Problem description:
The required output is the stretch from the line containing "The design features" through the line containing "어린이 운동화 2024" in the records below, unaltered and with no pictures.

Entries shown:
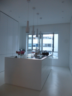 | グラフィックデザイナーの友人、D御夫妻の新居に伺う。建物全部を買い上げ、 各階の天井を抜いて階層から作り直すと言う壮大な計画。それも個人で さらに はパリ市内・・・。昨年の夏、まだ現場だった頃に見せて頂いた時にもそのス ケールには驚いたけれど、仕上がりの完璧さと塗装の美しさは目を 見張るばか り。どんなデザインでも細かい部分まで「施工と塗装の仕上がりの精度」が全体 の美しさを決定するのだと改めて実感する。スケールが大き すぎて私の小さな カメラでは写真には収まりきらない・・・。いつお会いしても「一度しかない人 生、自分の才能で自由にダイナミックに生きる醍醐 味」を感じるようなD御夫 妻、彼らの生き方そのもののようなお宅に感激する。 | ||||||||||||||||
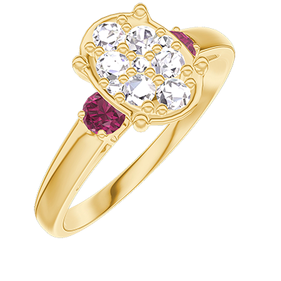 « L'ATELIER » NR. 211141Ring Geelgoud 18 karaat - Cluster van natuurlijke diamantent Ovaal gelijkwaardig 1 - Aanleunende edelstenen Robijn 4.8
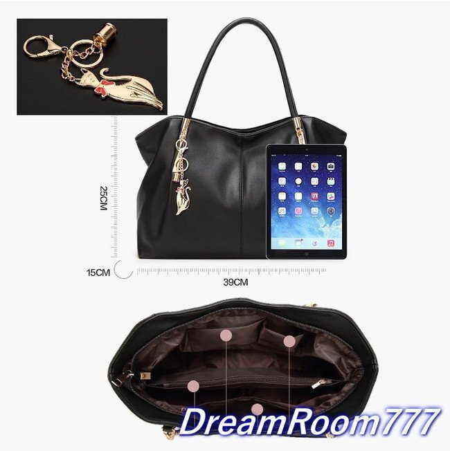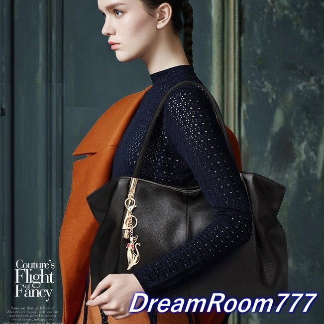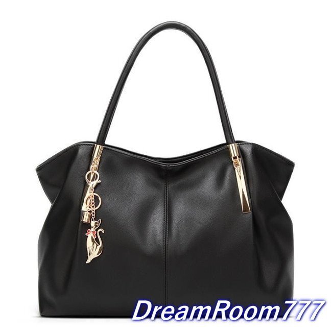 classic チャーム付 大きめ トートBAG【ブラック】ハンドバッグ ショルダーバッグ 防水 K-061-3
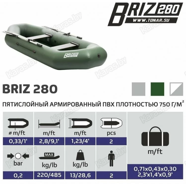 Надувная лодка «БРИЗ 280» производства компании ТОНАР двухместная лодка с классической О-образной формой. Баллон лодки разделен перегородками на 2 независимых отсека, что гарантирует безопасность пребывания на воде. Просторный кокпит позволит свободно разместиться двум пассажирам и при этом удобно расположить необходимый груз. На лодке используется современная и надежная фурнитура отечественных производителей. Лодка идеально подойдет как для любителей рыбалки и охоты, так и для прогулок и отдыха на воде.
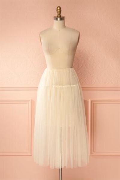 La jupe midi en tulle blanche est souvent réservée pour les événements très élégants, pour les bals ou les soirées glam. Pourtant, en vous inspirant de ce look Olivier Theyskens, vous pouvez agencer la jupe avec une veste de cuir pour casser le look féminin et romantique. Cintrez votre taille avec une ceinture, pour une silhouette très flatteuse, et laissez entrevoir un t-shirt en maille sous la veste. Terminez avec des bottes aux genoux en cuir et une touche de rouge à lèvres nude.
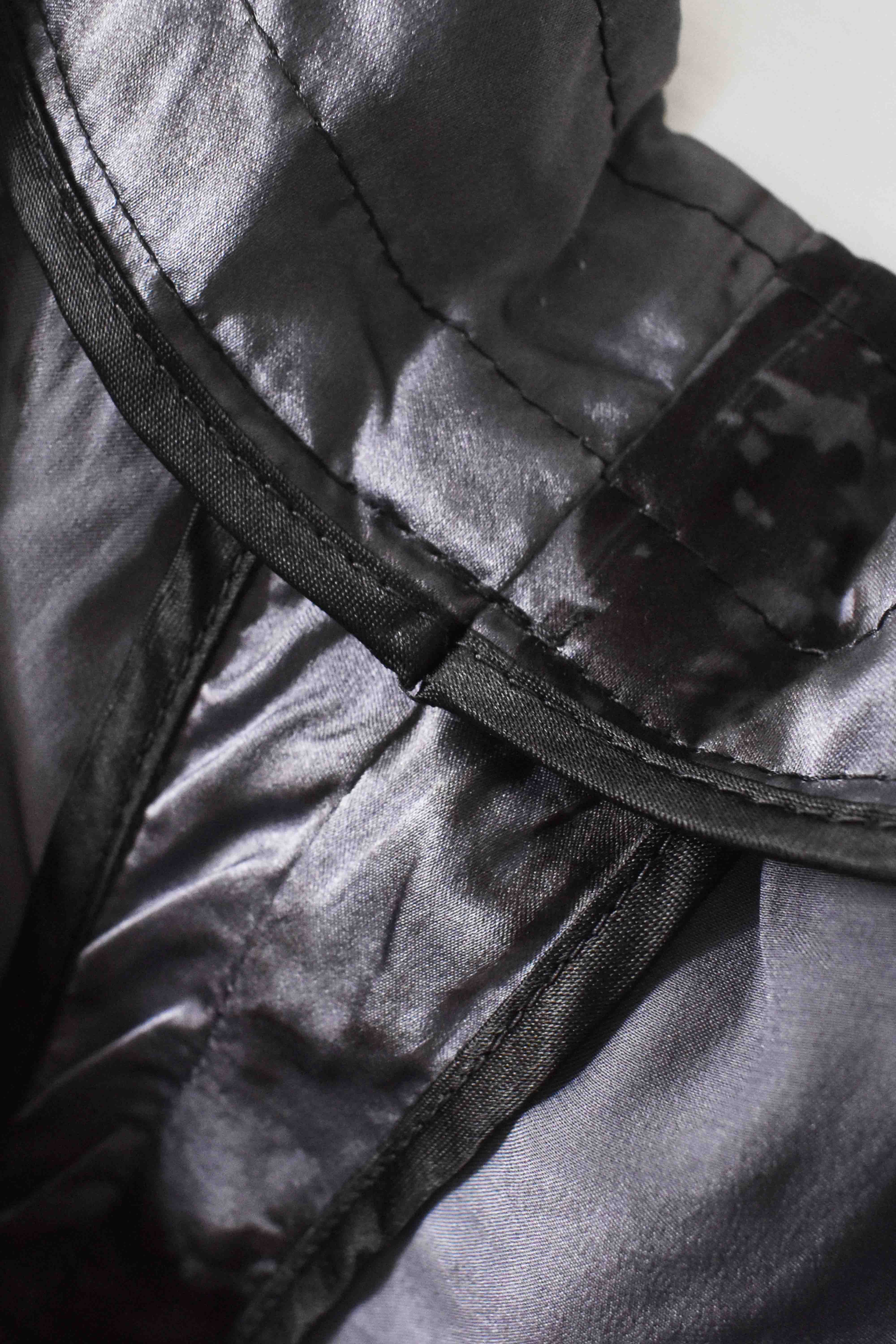 The design features features beautifully finished interior taped seam finishing, real hand sewn taped hemlines (not machined), generous 2,5 centimeter seam allowances on major fitting seams that allow the trouser to be altered and let out a full size larger than its original cut...
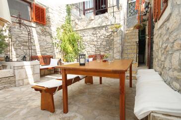 Casa può accogliere 6 ospiti. I letti sono disposti nelle camere da letto che sono 3, su 95m2. Gli ospiti hanno a disposizione il proprio terrazzo per godere nelle calde serate estive. Dalla casa si gode di una vista sul mare. Per il piacere totale e il relax c'è il barbecue privato solo per gli ospiti di quest'alloggio. Durante il soggiorno gli ospiti si possono rilassare nella piscina privata. Nell'unità di alloggio si possono portare gli animali domestici con un pagamento supplementare. Arrivati nell'unità d'alloggio i clienti devono pagare un deposito (il prezzo è indicato sul sito).
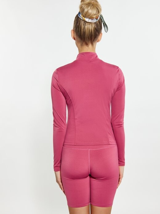 Представляем элегантную и универсальную куртку с длинными рукавами, высоким воротником и центральной молнией спереди для удобства ношения. Эта спортивная одежда с контурными швами на груди имеет облегающий силуэт, одновременно стильный и функциональный. Прямые рукава создают классический образ, а гладкий эластичный материал обеспечивает комфорт и гибкость.
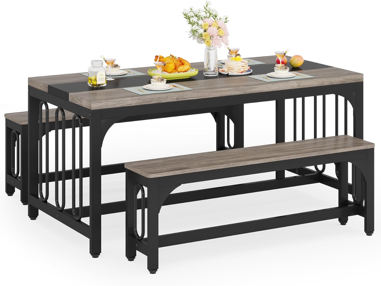 Be the first to review “Tribesigns Dining Table Set for 4, Farmhouse Kitchen Table with 2 Benches, 3-Piece Dining Room Table Set with Metal Frame for Breakfast Nook and Small Spaces, Grey”
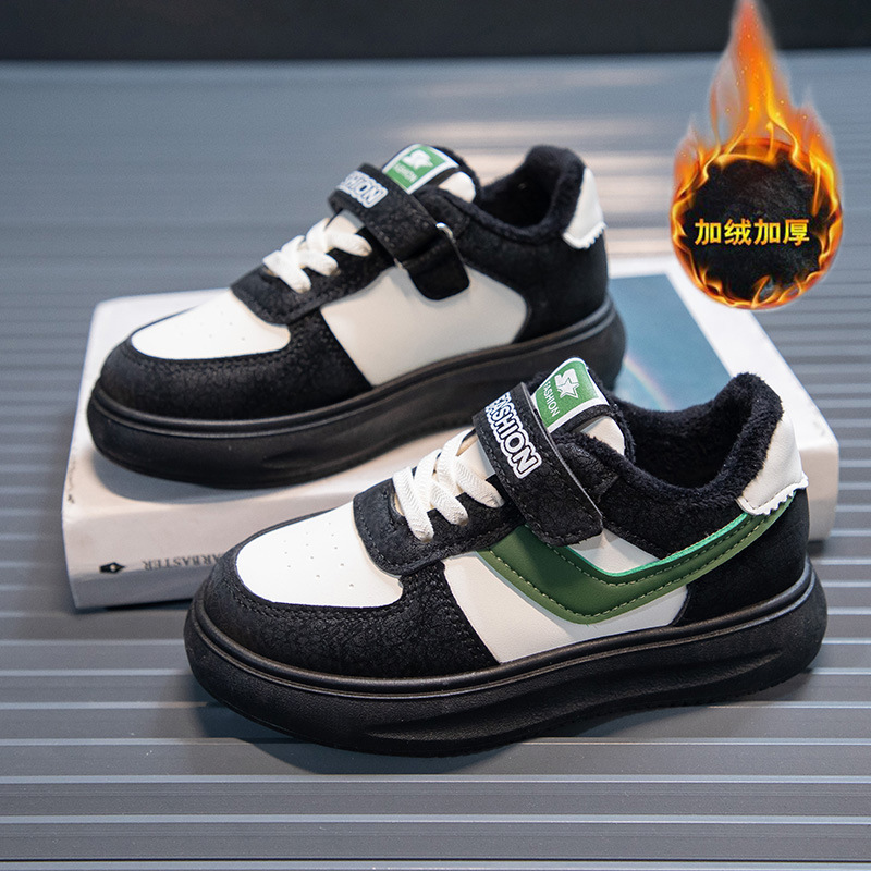 어린이 운동화 2024 가을 겨울 가죽 양면 벨크로 운동화 패션 캐주얼 신발 소년 소녀스토어 가기
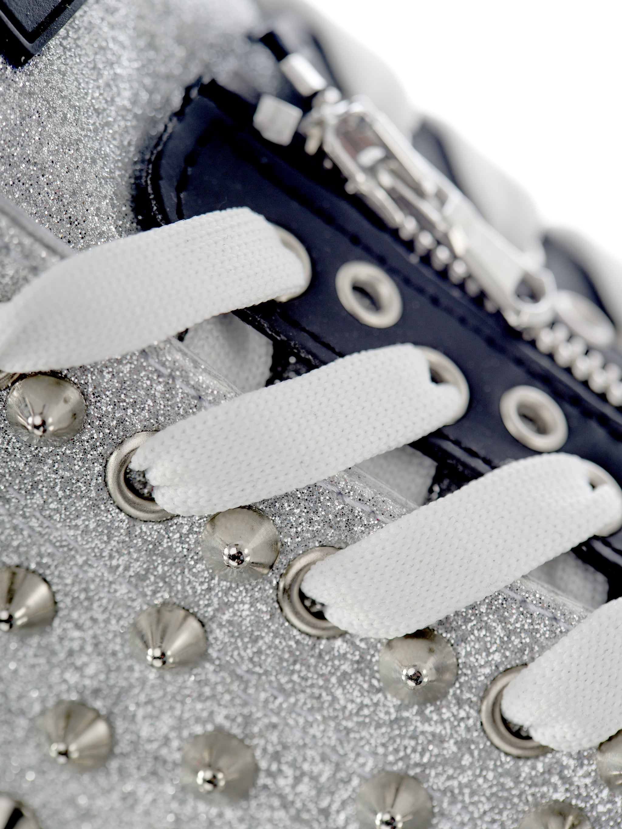 If you want a unique and bold style that will capture attention in every situation, the Glitter Silver Studded Sneakers from the new collection are the ideal choice. With these sneakers, you can never go wrong, because a touch of sparkle and a pinch of originality can make the difference in your wardrobe.
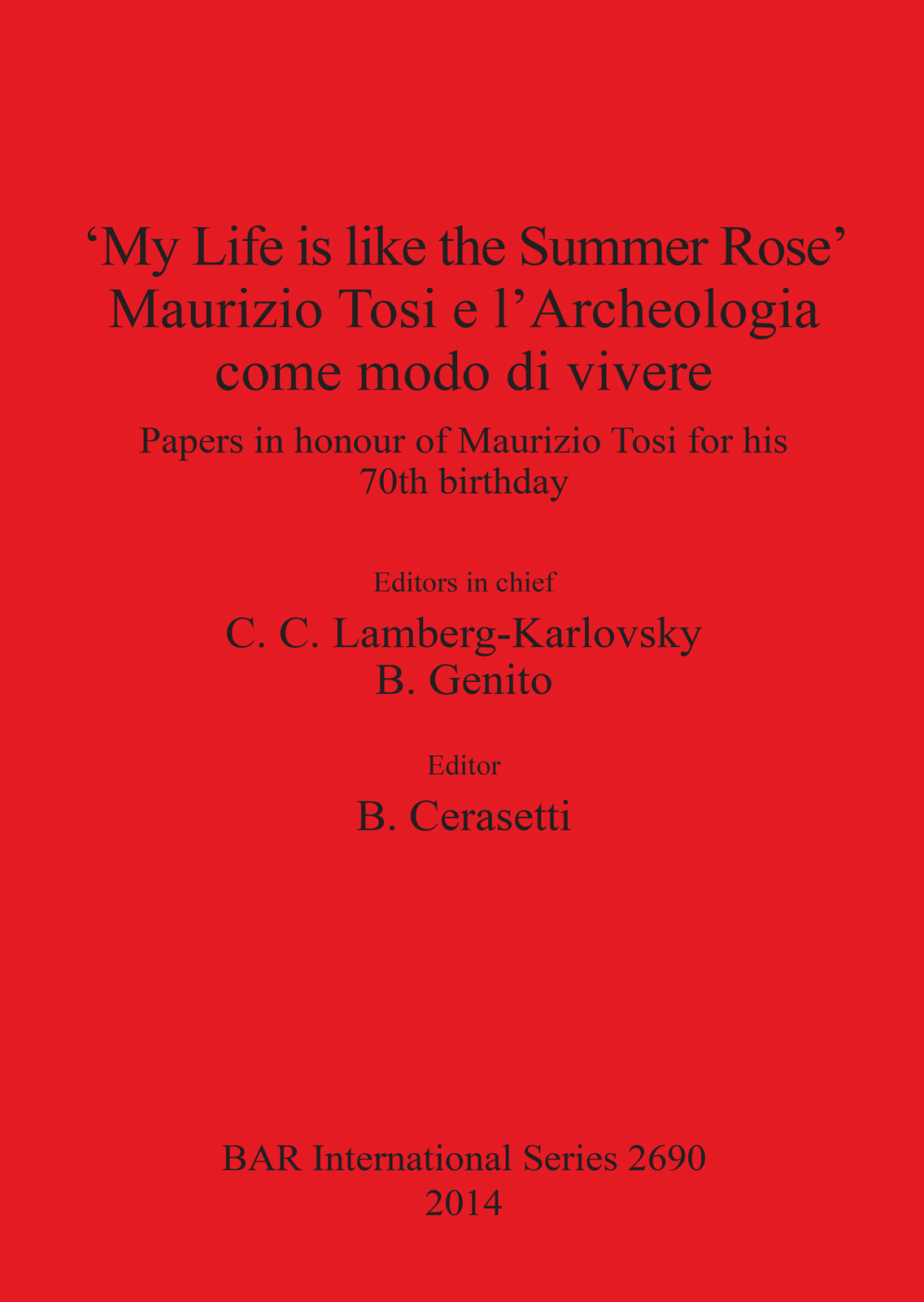 Edited by Editors in chief C.C. Lamberg-Karlovsky and B. Genito, Editor B. Cerasetti
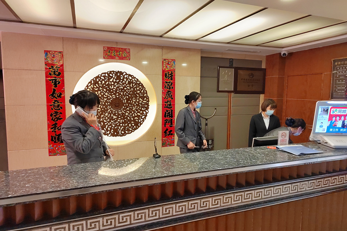 入住当天,为快速办理相关手续,宾馆管理人员来到接待一线,确保选房、做卡、核验身份证一气呵成,高效和优质的服务赢得了记者的赞许。党员和积极分子在完成好本职工作的同时,主动到门口接待入住记者,为他们提行李、领路,让他们享受到了一站式到达的服务。
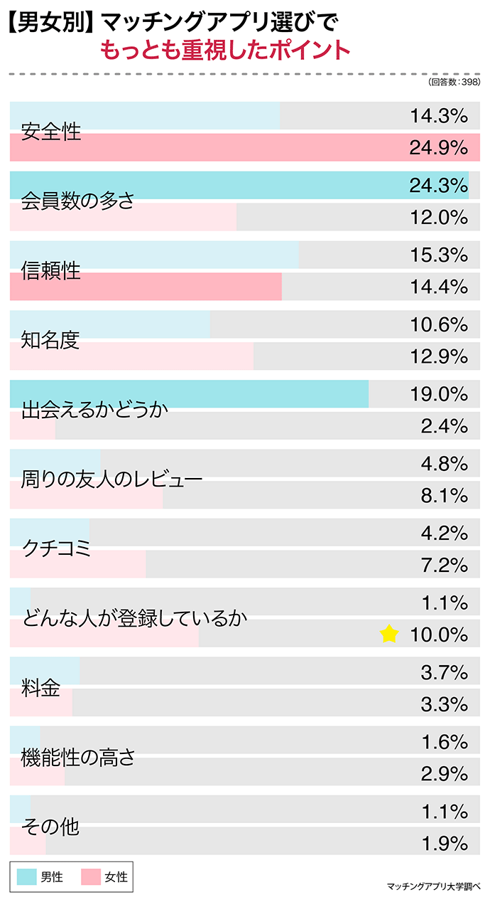 女性の1位は「安全性」(24.9%)、2位は「信頼性」(14.4%)、3位は「知名度」(12.9%)と、女性は安心して利用できる環境かどうかを重視しているのに対し、男性の1位は「会員数の多さ」(24.3%)、2位は「出会えるかどうか」(19.0%)と、男性は出会いの実現可能性を重視する結果となりました。
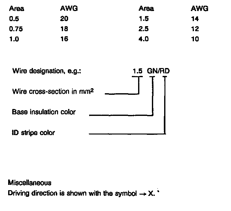 Each wire carries a designation showing its cross-sectional area (in square millimeters) and its color. If a wire must be replaced, always use the same or larger wiring size to prevent overheating. Approximate conversion between cross-sectional area and American Wire Gauge (AWG) is as shown in image.
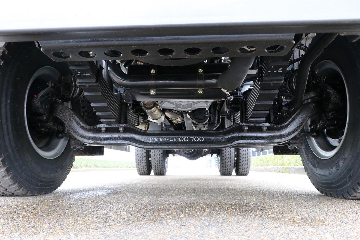 What makes this truck practical for daily small-scale tasks is its 5.8m×2.25m×1.4m dump body—sized to handle 10.2 tons of rated payload (with a 25-ton Gross Vehicle Weight) while staying compact. The body is made from Q550 high-strength steel, which resists dents from loose debris (like broken concrete or farm gravel) without adding unnecessary weight. Its hydraulic lifting system takes just 22 seconds to raise fully, a big time-saver for frequent load-and-dump cycles at small construction sites. Underneath, a lightweight single-layer frame (240×75×9mm) and 8/10-leaf spring suspension keep the ride stable over potholed rural roads, protecting both the cargo and the truck’s chassis during daily use.
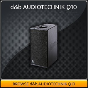 The Q-10 is a passive 2-way full-range loudspeaker manufactured by d&b audiotechnik, and is part of the Q-Series system. It can be used by itself in full-range mode, or in conjunction with other Q-series speakers and can be driven by the D6, D12 or D80 amplifiers. The Q10 is a compact yet powerful cabinet, outputting up to 137dB SPL yet weighing just 22kg. Up to two cabinets can be connected per channel to the D6, D12 and D80 amplifiers.

Response to this task:
 The design features features beautifully finished interior taped seam finishing, real hand sewn taped hemlines (not machined), generous 2,5 centimeter seam allowances on major fitting seams that allow the trouser to be altered and let out a full size larger than its original cut...
 Casa può accogliere 6 ospiti. I letti sono disposti nelle camere da letto che sono 3, su 95m2. Gli ospiti hanno a disposizione il proprio terrazzo per godere nelle calde serate estive. Dalla casa si gode di una vista sul mare. Per il piacere totale e il relax c'è il barbecue privato solo per gli ospiti di quest'alloggio. Durante il soggiorno gli ospiti si possono rilassare nella piscina privata. Nell'unità di alloggio si possono portare gli animali domestici con un pagamento supplementare. Arrivati nell'unità d'alloggio i clienti devono pagare un deposito (il prezzo è indicato sul sito).
 Представляем элегантную и универсальную куртку с длинными рукавами, высоким воротником и центральной молнией спереди для удобства ношения. Эта спортивная одежда с контурными швами на груди имеет облегающий силуэт, одновременно стильный и функциональный. Прямые рукава создают классический образ, а гладкий эластичный материал обеспечивает комфорт и гибкость.
 Be the first to review “Tribesigns Dining Table Set for 4, Farmhouse Kitchen Table with 2 Benches, 3-Piece Dining Room Table Set with Metal Frame for Breakfast Nook and Small Spaces, Grey”
 어린이 운동화 2024 가을 겨울 가죽 양면 벨크로 운동화 패션 캐주얼 신발 소년 소녀스토어 가기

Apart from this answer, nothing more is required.